Hi there!
I want to open a html file (http://xx.se/album123.html), parse through the file, find all links that contains "/pix.php?source=", and wget/download the link after source=:
"/pix.php?source=http://xx.se/albumfiles/Jfnb83njHfm2kJ.jpg"
- There might be multiple image links in the html file
Open html file, download images
Moderator: General Moderators
Re: Open html file, download images
Is this legal behavior?
Anyways you would open the file with file_get_contents() [among other ways]
Parse the file for links using a regular expression - preg_match_all().
Loop through the matched links and download the link match file, again using file_get_contents() or another similar way.
What have you tried?
Anyways you would open the file with file_get_contents() [among other ways]

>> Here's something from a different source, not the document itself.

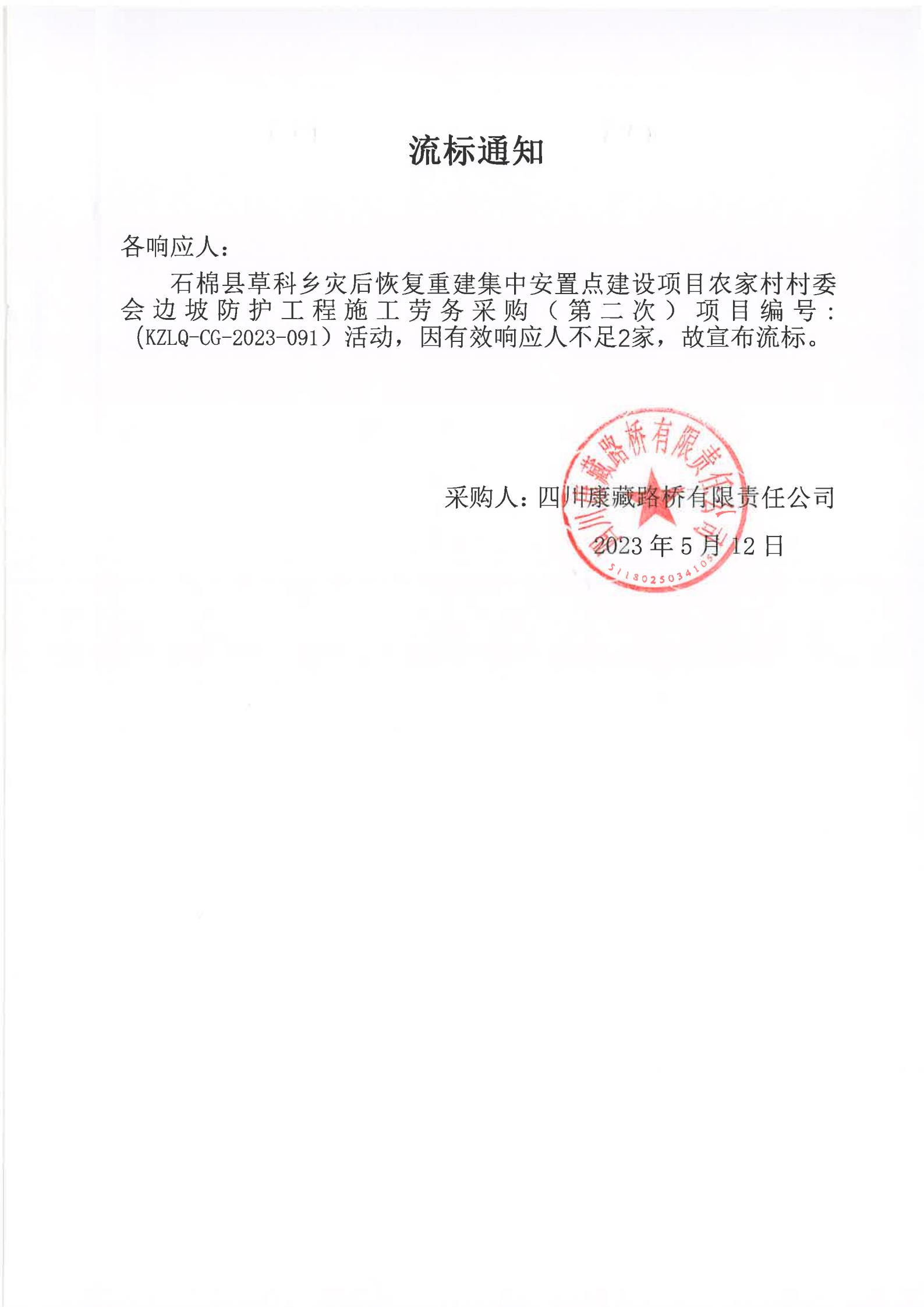 四川康藏路橋有限責(zé)任公司石棉草科鄉(xiāng)集中安置點建設(shè)項目農(nóng)家村村委會邊坡防護工程施工勞務(wù)采購(第二次)流標(biāo)通知

Parse the file for links using a regular expression - preg_match_all().
Loop through the matched links and download the link match file, again using file_get_contents() or another similar way.
What have you tried?
Set Search Time - A google chrome extension. When you search only results from the past year (or set time period) are displayed. Helps tremendously when using new technologies to avoid outdated results.
Re: Open html file, download images
I see why you think it's illegal behaviour, but it's my images I want to download.s.dot wrote:Is this legal behavior?
Anyways you would open the file with file_get_contents() [among other ways]
Parse the file for links using a regular expression - preg_match_all().
Loop through the matched links and download the link match file, again using file_get_contents() or another similar way.
What have you tried?
I haven't coded anything for almost two years, and I've always been terrible with RegEx, so I might need some help with that. :p (I just need href="pix.php?source=X")
Thanks
Last edited by JKM on Tue Feb 19, 2013 5:40 am, edited 1 time in total.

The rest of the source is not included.